Lesco spreader and back pain.

Discussion in 'Pesticide & Herbicide Application' started by A1Lawns, Feb 23, 2008.

  1. A1Lawns

    A1Lawns LawnSite Member
    Messages: 217

    Anyone else sometimes get back pain from using a Lesco 80# spreader??

    The way it's made, where the handles are, you have to bend your back just a little bit and man sometimes it get unbearable.

    Can anyone relate and are there other spreaders that are better for your back out there??? :walking:
  2. Grandview

    Grandview LawnSite Gold Member
    from WI
    Messages: 3,251

    Before I got my Magnum, every spring when I was out of shape it happened. But by June I could spread 12 acres in a day with no back problems. I was tired though.
  3. gregory

    gregory LawnSite Bronze Member
    Messages: 1,084

    thats why i got a z-spray
  4. Hissing Cobra

    Hissing Cobra LawnSite Senior Member
    Messages: 705

    The Lesco spreaders have adjustable handles. If your's is a newer model (2003+) check the lower bolts on the handle's frame where they meet up with the hopper frame. There's two locations for those lower bolts. If you take each bolt out and let the handle pivot on the upper bolts, you'll be able to find both sets of holes. On the side with the shield, you'll need to install the bolt backwards so that the threads are protruding outward. This will allow enough clearance for the shield to operate without any interference.
  5. garydale

    garydale LawnSite Senior Member
    Messages: 813

    How tall are you? Extending the handles helped me.( 6' 3")
  6. RigglePLC

    RigglePLC LawnSite Fanatic
    Messages: 13,907

    I think it is normal to have some soreness across the upper back and shoulders after the first few hard days.

    However...I like the handlebars a little wider apart--shoulder width. So I added 8 inch extensions and cushiony hand grips.

    Also, Earthway spreaders and some walk behinds have the handles tilted downward at a 45 degree angle--for a more natural and comfortable hand position.

    If you are carrying a few extra pounds or have devised a padded "push pillow" you can push with your stomach and take some of the pressure off your shoulders.

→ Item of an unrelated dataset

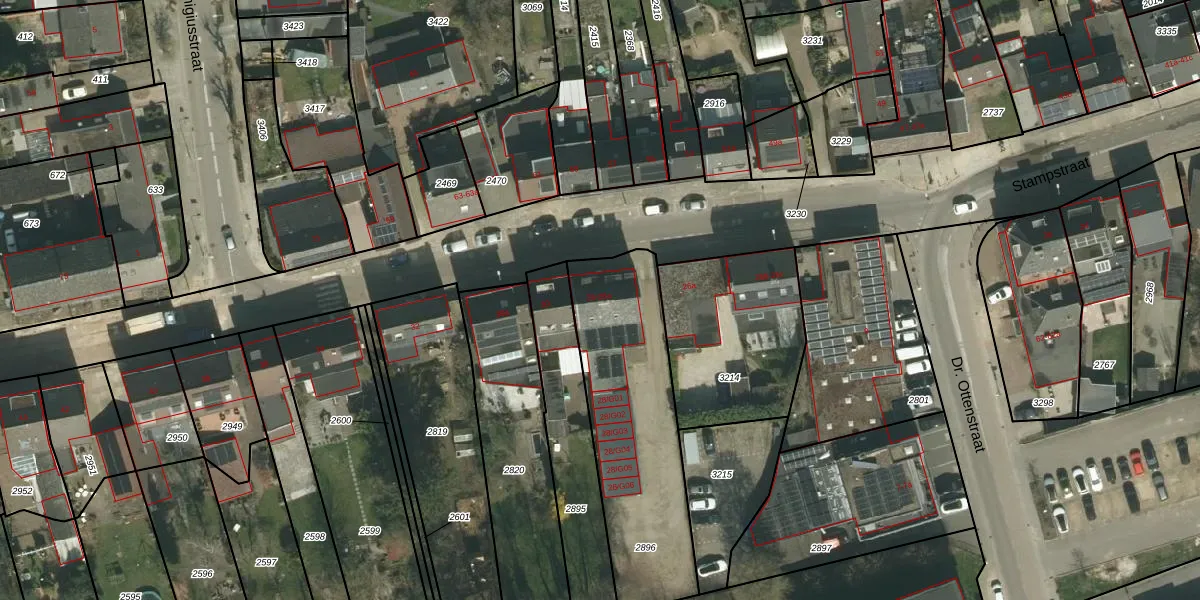 Stampstraat 28-a is gelegen op kadastraal perceel SPV00D2896. Deze kadastrale aanduiding is uniek en wordt gebruikt door het Kadaster om eigendomsrechten en andere zakelijke rechten vast te leggen. Het perceel maakt onderdeel uit van de kadastrale gemeente Simpelveld.

    Also consider balance. All day, there is about 10 pounds of needless weight on the handlebars just to raise the handlebars to operating position. Think of a way to eliminate this extra unbalanced weight--let the wheels carry the weight. Good luck. Let us know what you come up with. Or anybody with suggestions.
  7. James Cormier

    James Cormier LawnSite Bronze Member
    from Ma
    Messages: 1,217


    I thought I was the only one that knew about that one!!!!!!
  8. n-green

    n-green LawnSite Senior Member
    Messages: 367

    When I first started my lower back would kill me most of the time and I thought it was handle height. It turned out to be from lifting that sucker into the bed of my truck all day; lifting and twisting. I bought a caddy from Lesco and it made a big difference. Hope this helps.
  9. RAlmaroad

    RAlmaroad LawnSite Silver Member
    from SC
    Messages: 2,262

    What kind of shoes do you wear? Tennis shoes will prevent you from using you legs to push. I've always worn work boots with laces--something with arch supports. I only put in a 50lb bag at a time. You could load it lighter for the first week or so until you get back into the routine.
  10. RigglePLC

    RigglePLC LawnSite Fanatic
    Messages: 13,907

    Oh yeah! The lifting! Spreader weighs 35 pounds -risky to lift if you have more than a few pounds in the hopper. Don't put in more fert than you need. Put a few pounds back in the bag--but try to do that without lifting it. (Anybody know how ?)

    Also...attach a strong handle to the left side of the frame, just underneath the hopper. Use screw clamps, stainless steel bolts, nylon cord or whatever. Now...back straight, using the handle, lift with you left hand from underneath using your bicep muscles. Use your right hand at any convenient spot up the long handle, just so the weight is more or less equally divided. Allow the wheel to contact the thigh for leverage as needed.